> What to do:
Given the entries below, would you transcribe exactly the lines starting at the one with "Pastel sarı renkte, kısa" and ending at the one with "Lab Created Orange", both kept, pictures omitted, nothing extra?

> Given information:
========
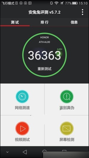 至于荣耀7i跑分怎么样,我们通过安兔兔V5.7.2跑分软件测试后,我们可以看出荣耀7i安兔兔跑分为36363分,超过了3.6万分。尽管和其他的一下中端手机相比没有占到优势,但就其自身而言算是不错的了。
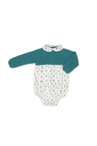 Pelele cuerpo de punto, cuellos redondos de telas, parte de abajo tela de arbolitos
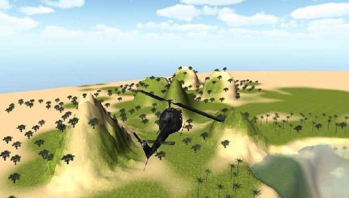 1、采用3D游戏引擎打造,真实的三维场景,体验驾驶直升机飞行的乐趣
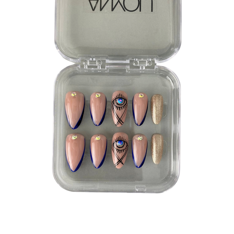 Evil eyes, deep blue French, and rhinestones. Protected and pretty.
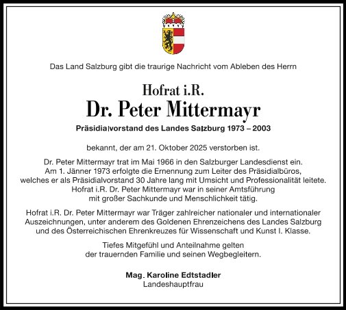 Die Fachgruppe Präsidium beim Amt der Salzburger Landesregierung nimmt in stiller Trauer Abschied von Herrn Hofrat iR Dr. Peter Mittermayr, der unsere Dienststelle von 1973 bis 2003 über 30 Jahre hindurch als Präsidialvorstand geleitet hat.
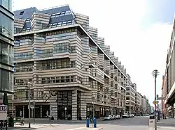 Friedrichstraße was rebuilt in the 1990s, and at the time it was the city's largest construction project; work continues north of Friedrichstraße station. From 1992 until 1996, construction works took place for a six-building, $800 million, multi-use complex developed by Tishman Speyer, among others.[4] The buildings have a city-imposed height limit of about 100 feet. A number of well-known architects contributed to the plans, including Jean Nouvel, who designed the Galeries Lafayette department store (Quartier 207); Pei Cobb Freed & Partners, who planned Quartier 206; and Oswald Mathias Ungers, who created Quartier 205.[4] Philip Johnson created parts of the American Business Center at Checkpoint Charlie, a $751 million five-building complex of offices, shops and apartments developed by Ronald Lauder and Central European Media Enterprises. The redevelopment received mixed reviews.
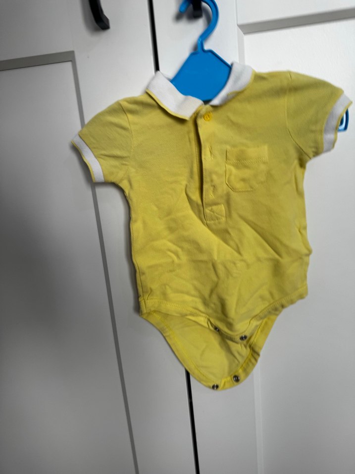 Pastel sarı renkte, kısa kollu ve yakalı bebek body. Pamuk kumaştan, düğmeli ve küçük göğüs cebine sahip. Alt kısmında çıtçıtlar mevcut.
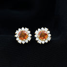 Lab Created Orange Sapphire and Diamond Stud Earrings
========
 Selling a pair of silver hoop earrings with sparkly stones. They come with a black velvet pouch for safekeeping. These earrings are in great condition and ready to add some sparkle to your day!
========
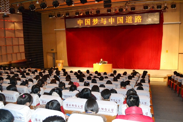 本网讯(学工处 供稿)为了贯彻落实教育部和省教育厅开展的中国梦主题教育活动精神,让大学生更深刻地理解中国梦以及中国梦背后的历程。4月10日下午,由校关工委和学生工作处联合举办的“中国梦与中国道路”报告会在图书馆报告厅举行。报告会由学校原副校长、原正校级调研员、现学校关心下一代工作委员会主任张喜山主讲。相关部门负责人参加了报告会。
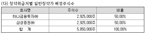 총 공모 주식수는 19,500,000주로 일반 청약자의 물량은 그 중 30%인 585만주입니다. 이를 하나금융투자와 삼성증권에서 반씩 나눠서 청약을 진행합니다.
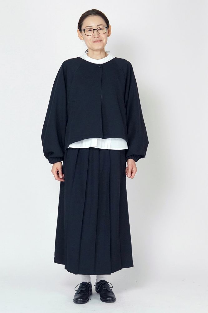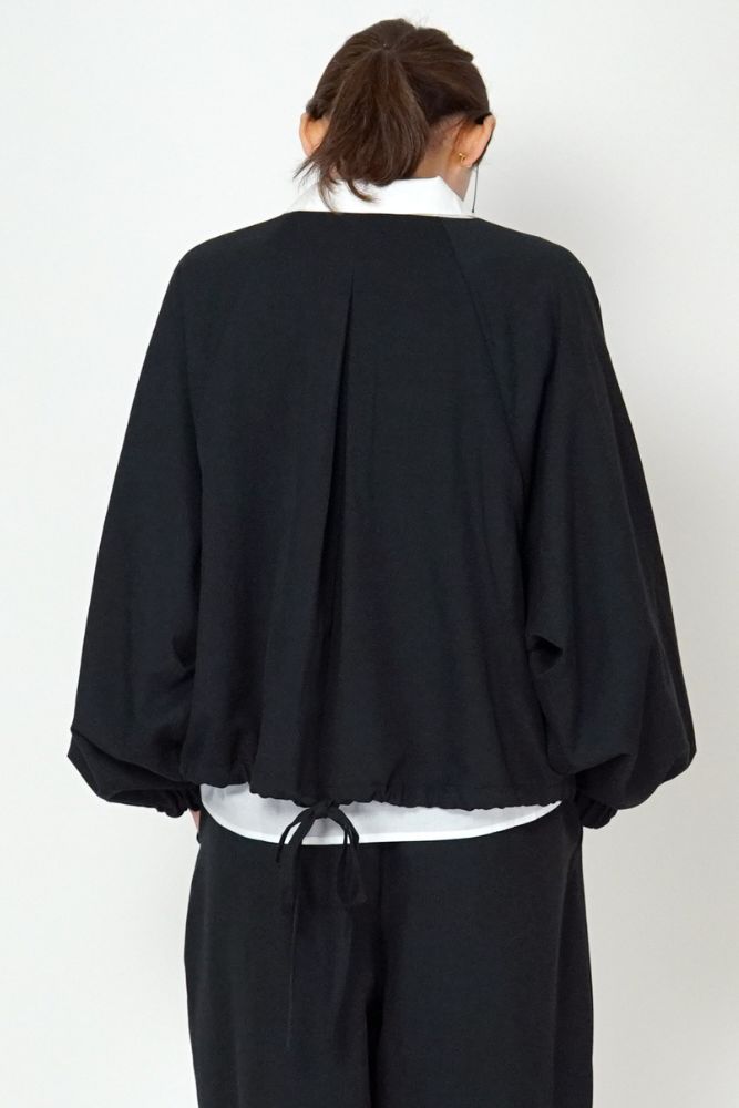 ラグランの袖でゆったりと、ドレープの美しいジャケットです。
========
> Response box:
 Pastel sarı renkte, kısa kollu ve yakalı bebek body. Pamuk kumaştan, düğmeli ve küçük göğüs cebine sahip. Alt kısmında çıtçıtlar mevcut.
 Lab Created Orange Sapphire and Diamond Stud Earrings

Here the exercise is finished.